Friday, 12 February 2016

Daniel Haaksman - African Fabrics, album review

previously published on glasswerk.co.uk


While we've made it through January but now seem living through February prepared to cower from the next potential mega-storm to batter British shores, there is light at the end of the tunnel... or at least a soundtrack to the journey through this meteorologically challenged tunnel that will help take your mind off broken fence panels, lost weather vanes and embarrassing battles in public with your umbrella.

This is a public service announcement, for your own safety and sanity, please bunker down in a secure holding and tune into the latest sunshine-blessed offering from Daniel Haaksman.



The Berlin based label-owner and DJ was brought to my attention with a high-tempo debut album helmed and released in 2011, previous to this Haaksman had been exporting some of the finest Baile Funk to the wider partying public, and it is reassuring to know that his musical flirtations with cultural diversity are still going strong, and that it is this passion for spreading 'world-music' to the world that forms the thematic backbone of this album.

It is possible to simply play this album from start to finish and only hear the music, to become lost in the rich musical textures that feel delightfully foreign to the common-or-garden Englishman, to feel compelled to move to the beats and the rhythms emanating from the stereo, but this is to only scratch the surface of the full ’African Fabrics' experience.

More than just an album to brighten up dark days and lively up your party playlists, Daniel Haaksman borrows from and translates South African pop music, Ugandan rap, Columbian guitars, Angolan kudora and Zimbabwean marimba into electronically paired productions fit for European consumption, and this is the driving factor that brings together all these richly diverse sounds that straddle a continent, yet to uneducated ears simply sound 'African'.

Five years ago the British-Nigerian artist Yinka Shonibare referenced the famous René Magritte painting “Ceçi n´est pas une pipe” when he declared that “A picture of a pipe isn´t necessarily a pipe, an image of “African Fabric” isn´t necessarily authentically African”, and it is with this mindset that Haaksman wove his own music.

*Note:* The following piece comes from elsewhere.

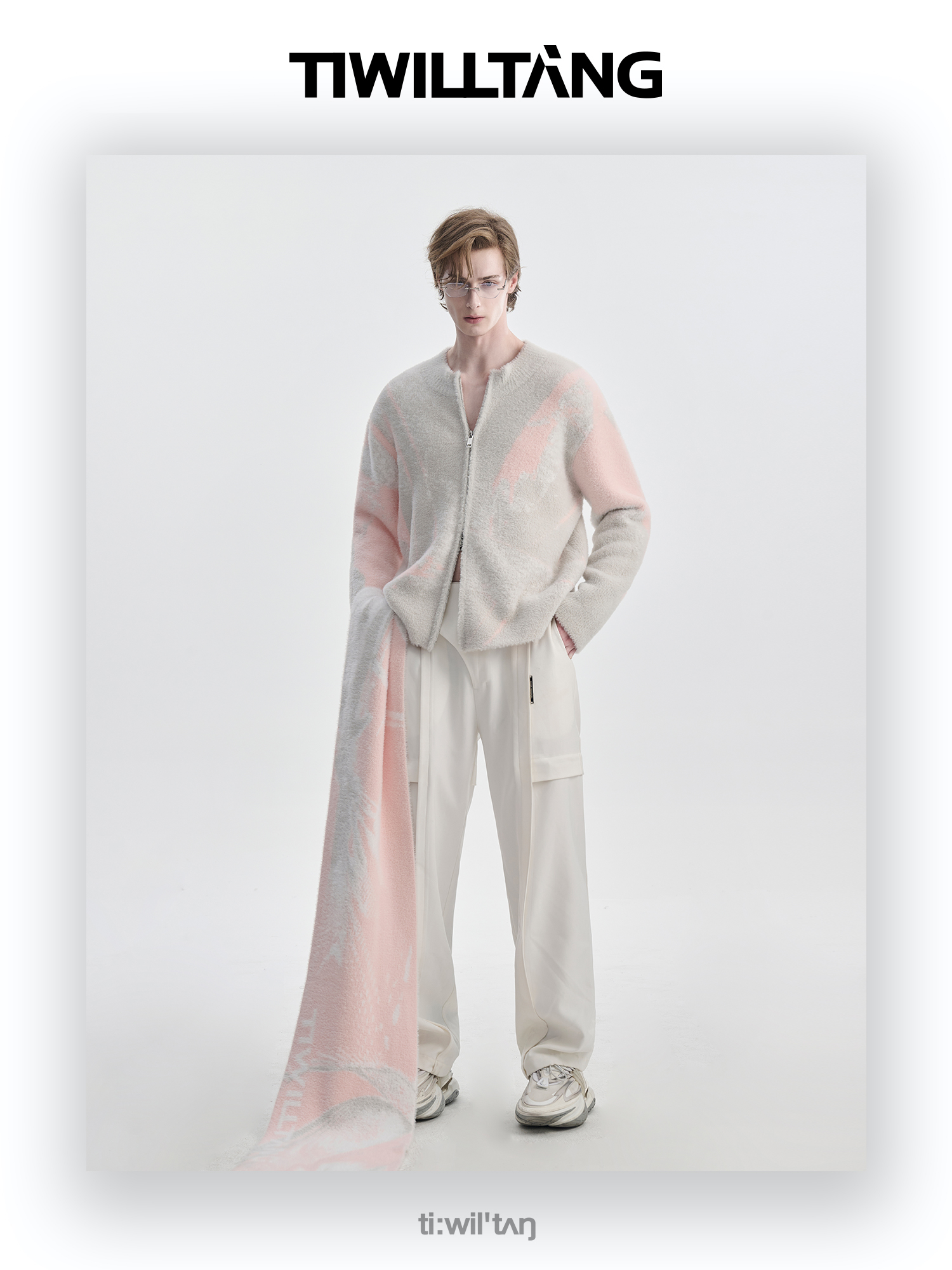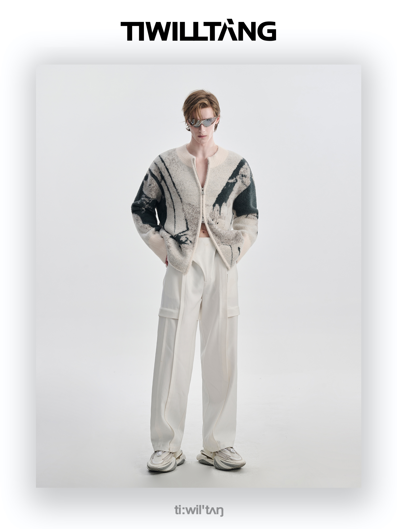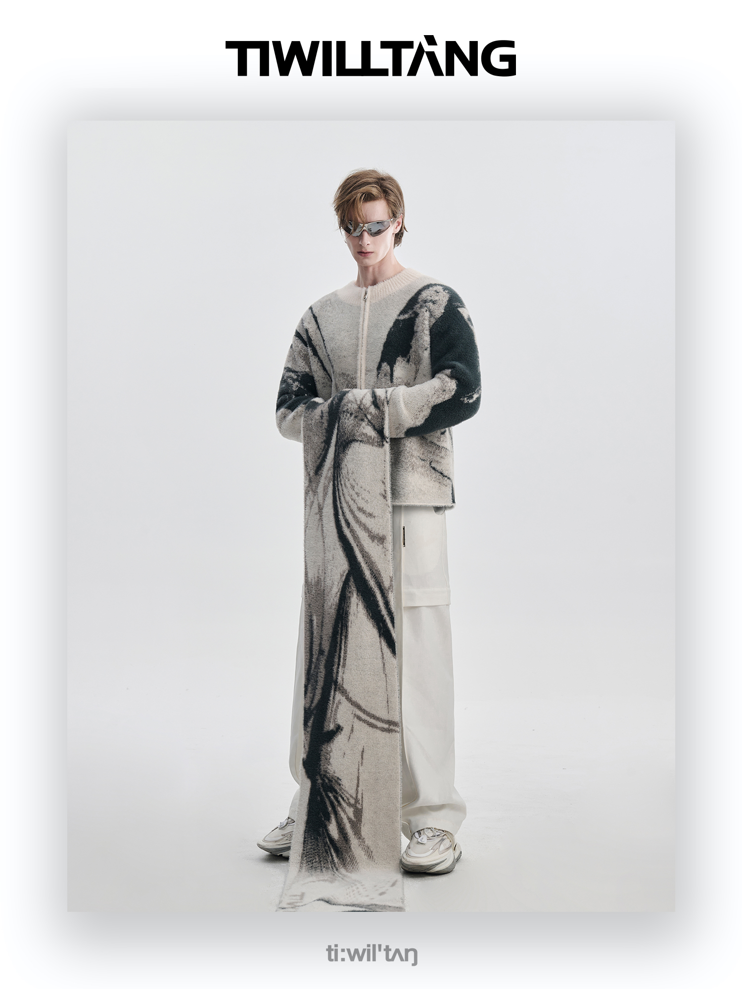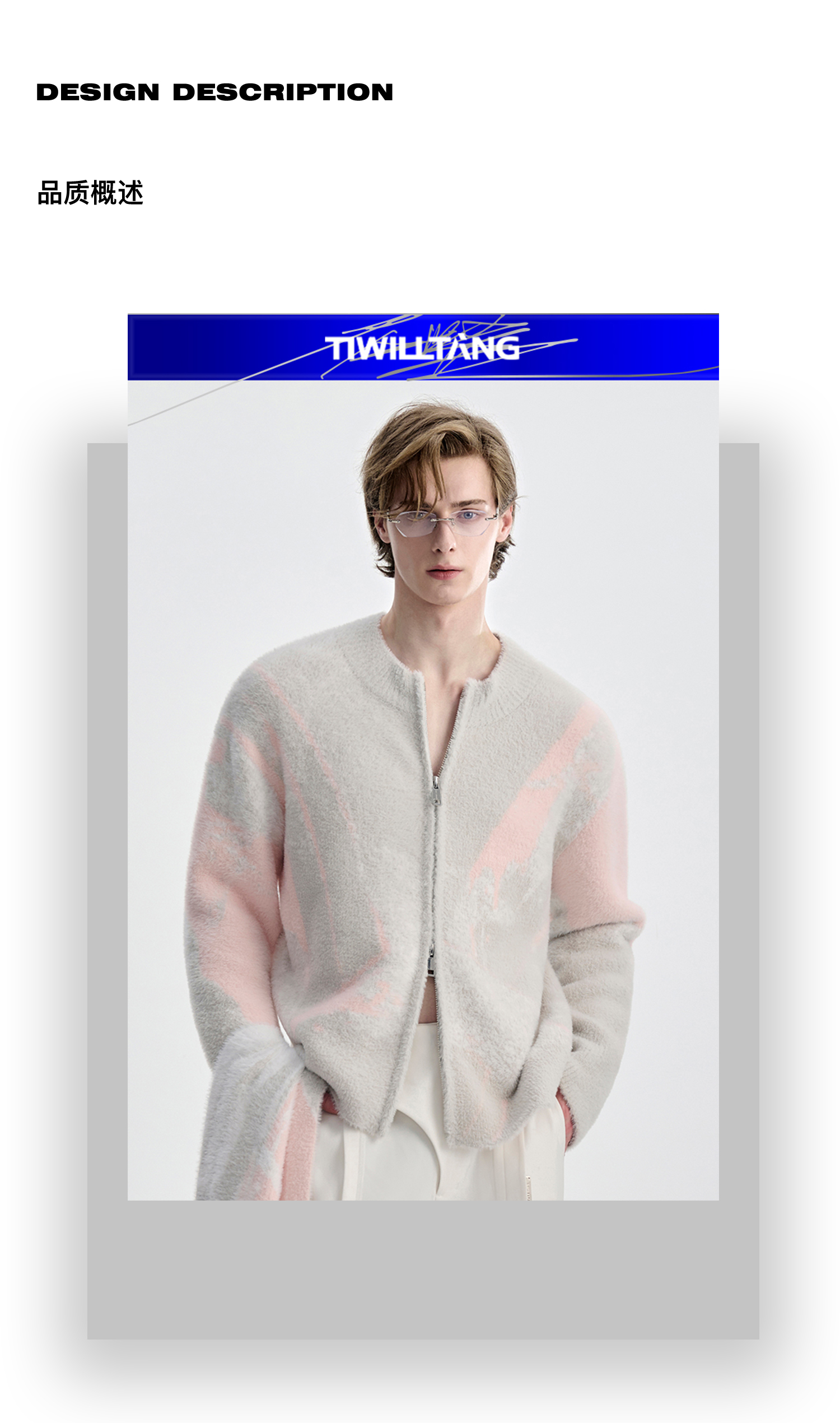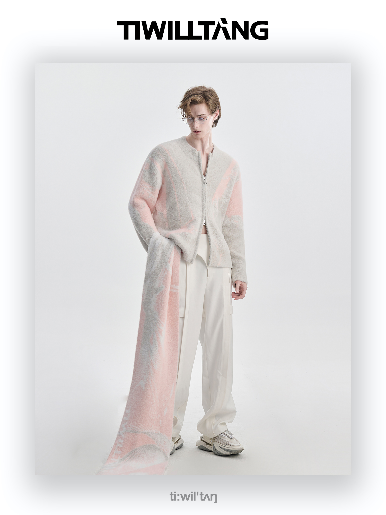 TIWILLTANG启世录“铃锓圣秩”仿貂毛图案拉链开衫提花针织衫潮

Just as fabric or art that echoes a particular culture may have its manufacturing and distribution methods far removed from the geographical location that spawned it, so has the interconnection of the World Wide Web created a false approximation of what even enlightened souls would consider as authentically African music, homogenised and filtered as accessibility to diversity, Daniel Haaksman has created a new tapestry that pays homage to the originators, yet is self-aware in its own knowledge and strongly alludes to the fact that these new 'African Fabrics' carry a “Made In Berlin” label.